INSTRUCTIONS FOR THE TASK:
Write out, word for word and with no pictures, each line below from the one containing "1月30日,在德國柏林商業(yè)街弗里" through the one containing "중추신경계의 퇴행성 질환으로, 적절히", both included, and no other line.

RECORDS FOR THE TASK:
[Start of Attachment]
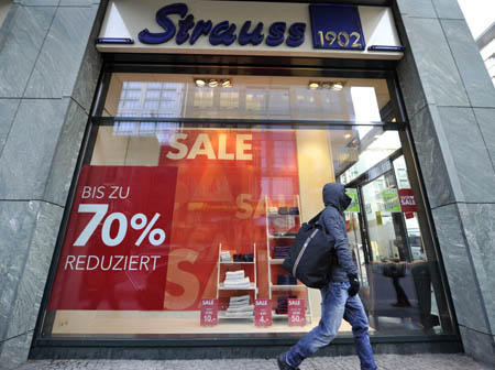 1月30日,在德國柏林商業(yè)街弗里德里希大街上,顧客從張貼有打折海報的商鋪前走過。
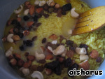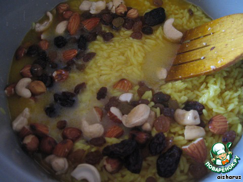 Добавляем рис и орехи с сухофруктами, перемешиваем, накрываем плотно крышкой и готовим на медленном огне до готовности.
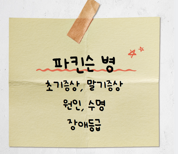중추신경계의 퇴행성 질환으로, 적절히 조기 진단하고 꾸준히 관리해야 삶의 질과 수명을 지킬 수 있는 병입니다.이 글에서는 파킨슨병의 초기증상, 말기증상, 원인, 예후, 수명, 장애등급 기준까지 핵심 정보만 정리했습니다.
[End of Attachment]
[Start of Attachment]
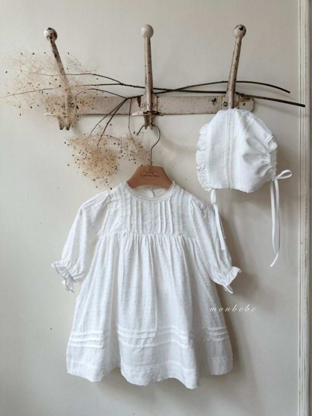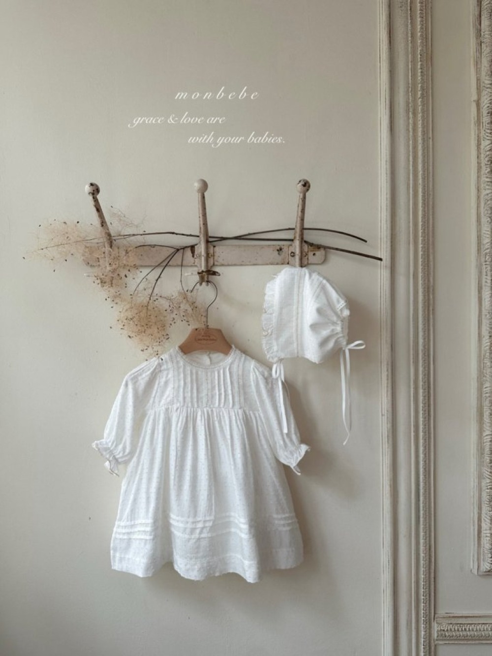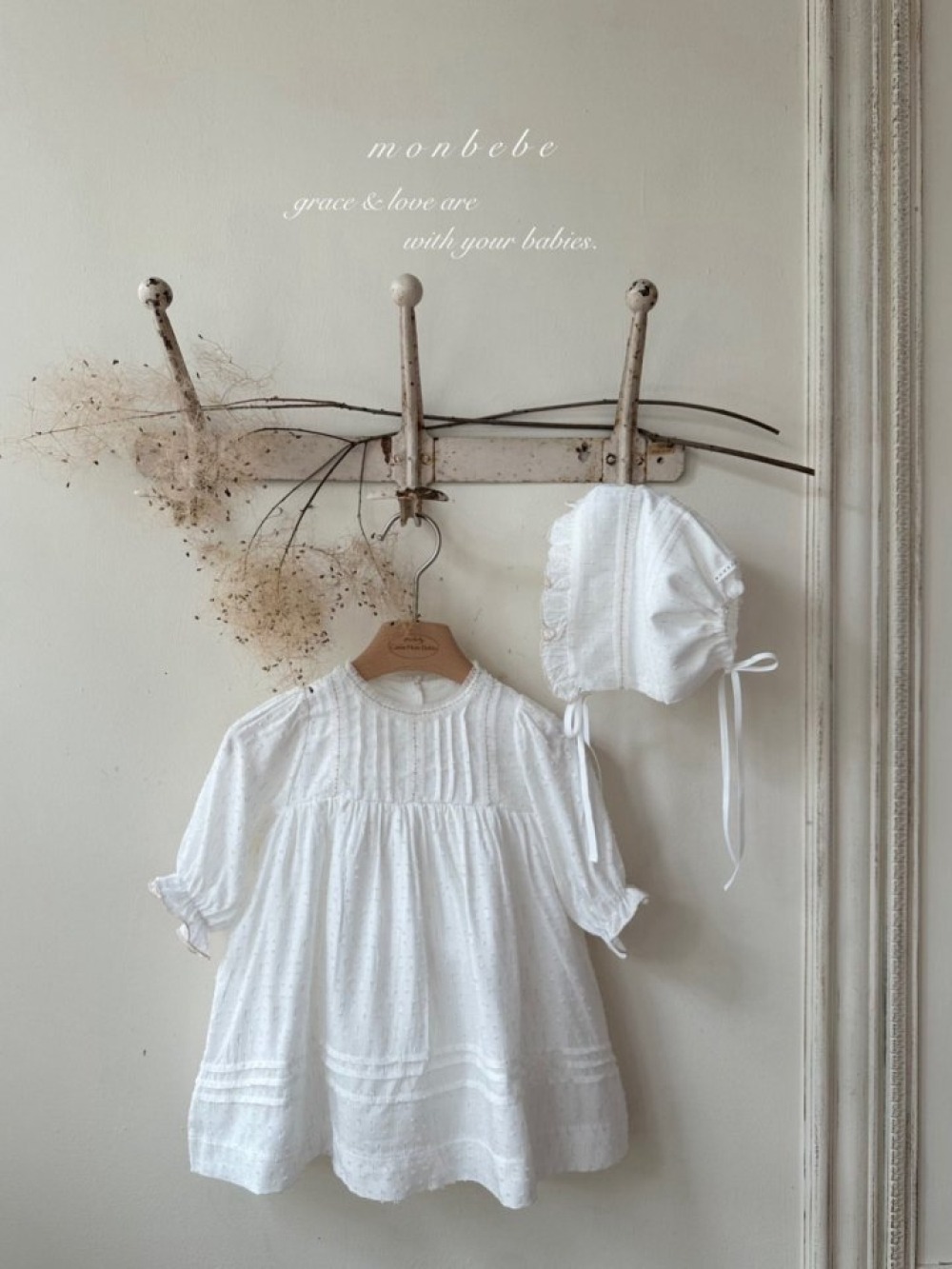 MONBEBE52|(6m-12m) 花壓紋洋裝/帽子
[End of Attachment]
[Start of Attachment]
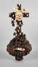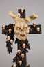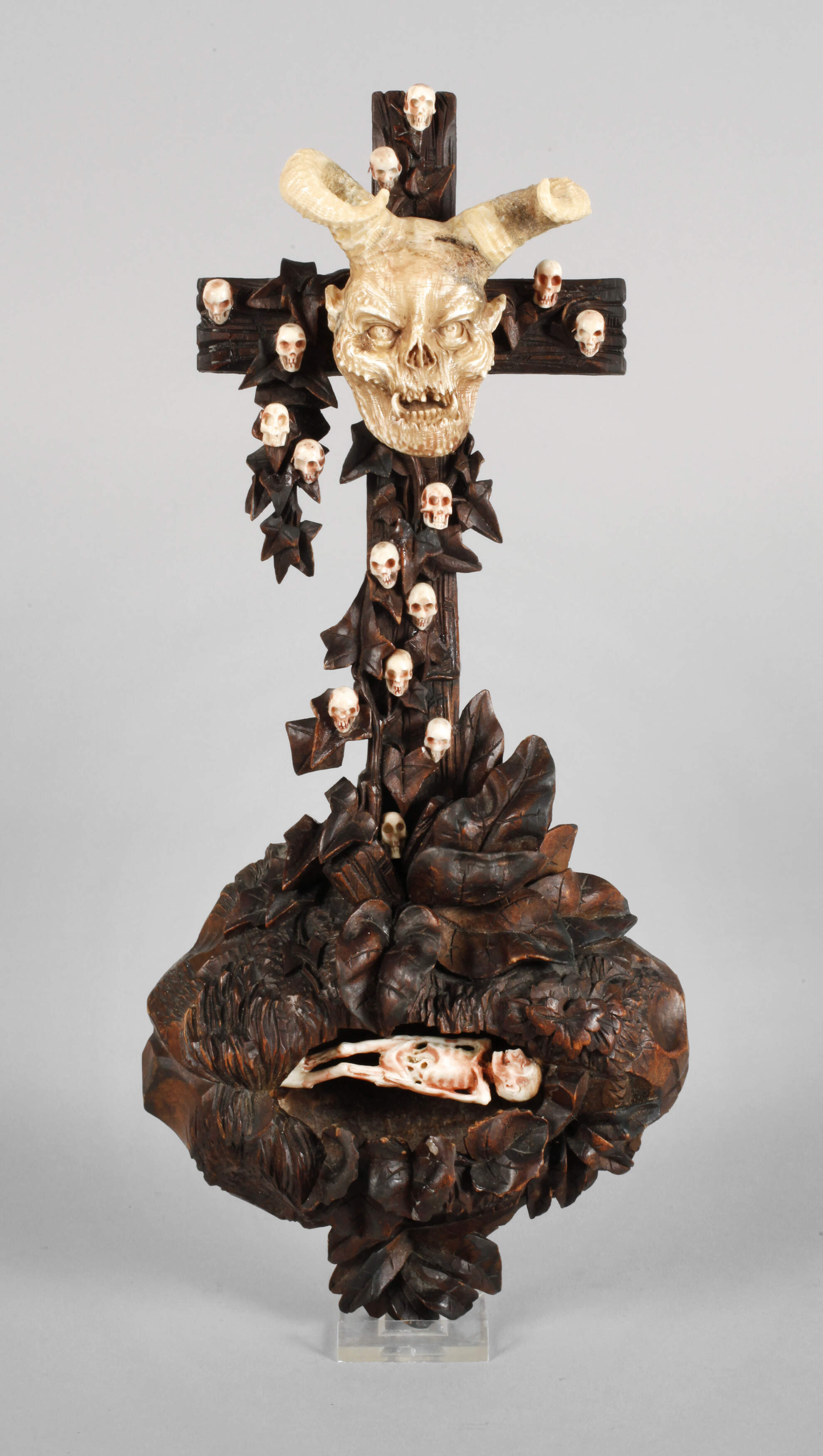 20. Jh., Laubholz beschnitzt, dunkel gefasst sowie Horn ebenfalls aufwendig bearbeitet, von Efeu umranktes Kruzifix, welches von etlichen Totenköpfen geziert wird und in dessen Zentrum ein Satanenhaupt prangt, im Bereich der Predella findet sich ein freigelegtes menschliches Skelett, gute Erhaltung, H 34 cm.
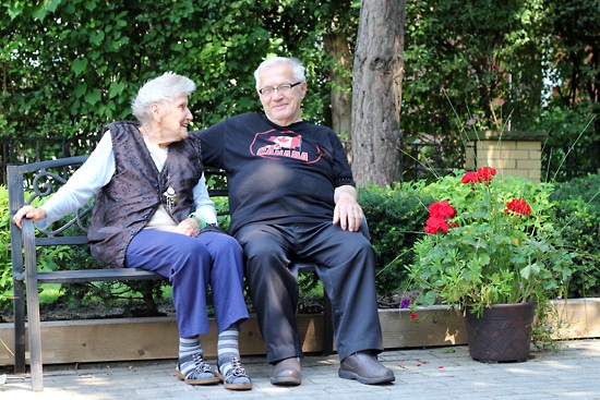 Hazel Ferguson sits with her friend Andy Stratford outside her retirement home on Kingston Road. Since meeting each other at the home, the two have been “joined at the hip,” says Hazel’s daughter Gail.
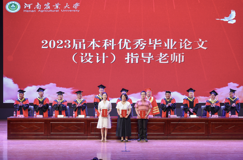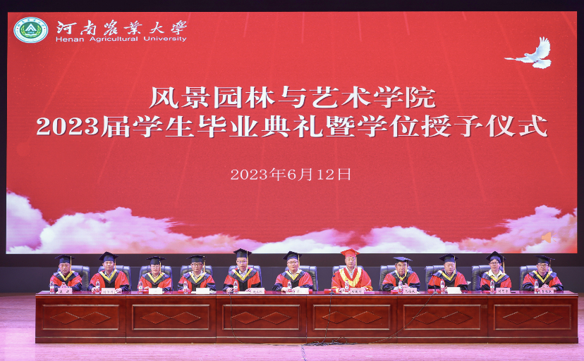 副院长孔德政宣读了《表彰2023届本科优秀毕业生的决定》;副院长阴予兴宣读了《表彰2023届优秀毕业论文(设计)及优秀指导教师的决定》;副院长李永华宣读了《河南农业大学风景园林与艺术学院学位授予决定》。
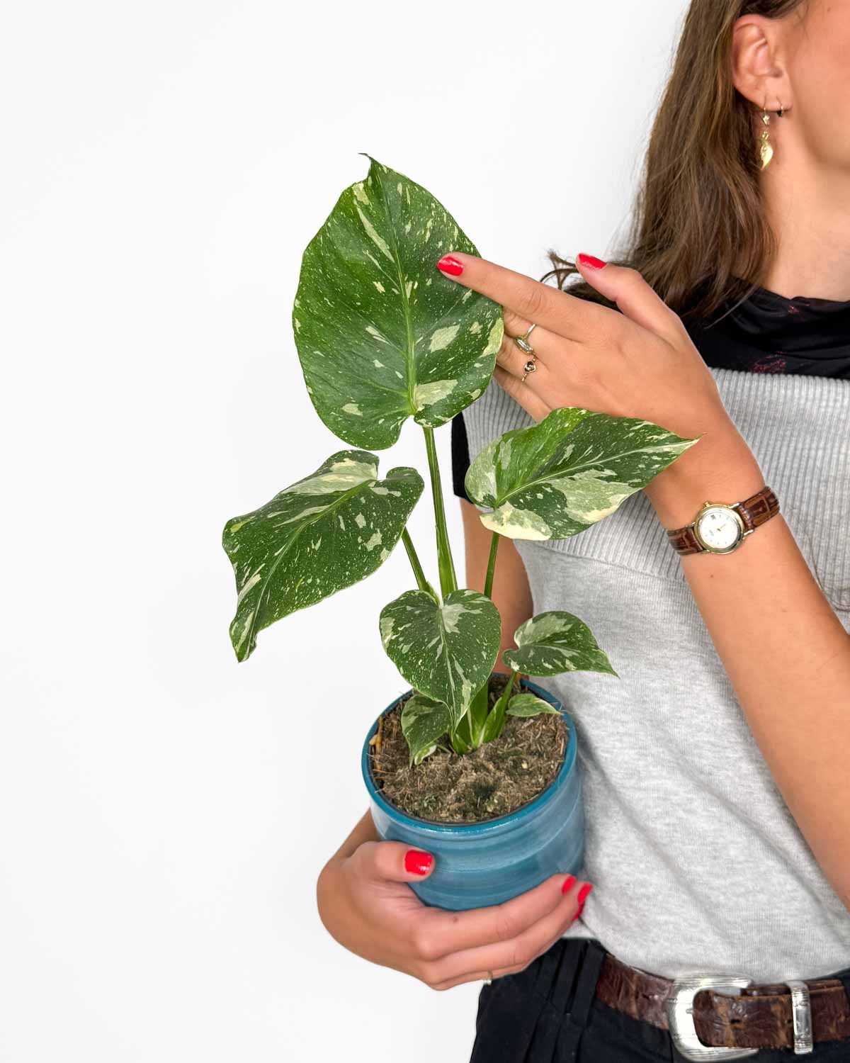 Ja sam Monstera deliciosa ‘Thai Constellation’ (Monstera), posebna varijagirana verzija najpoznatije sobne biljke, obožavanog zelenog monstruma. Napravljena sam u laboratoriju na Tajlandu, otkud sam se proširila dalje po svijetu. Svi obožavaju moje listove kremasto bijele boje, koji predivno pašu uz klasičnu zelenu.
[End of Attachment]
REPLY TO THE TASK:
 1月30日,在德國柏林商業(yè)街弗里德里希大街上,顧客從張貼有打折海報的商鋪前走過。
 Добавляем рис и орехи с сухофруктами, перемешиваем, накрываем плотно крышкой и готовим на медленном огне до готовности.
중추신경계의 퇴행성 질환으로, 적절히 조기 진단하고 꾸준히 관리해야 삶의 질과 수명을 지킬 수 있는 병입니다.이 글에서는 파킨슨병의 초기증상, 말기증상, 원인, 예후, 수명, 장애등급 기준까지 핵심 정보만 정리했습니다.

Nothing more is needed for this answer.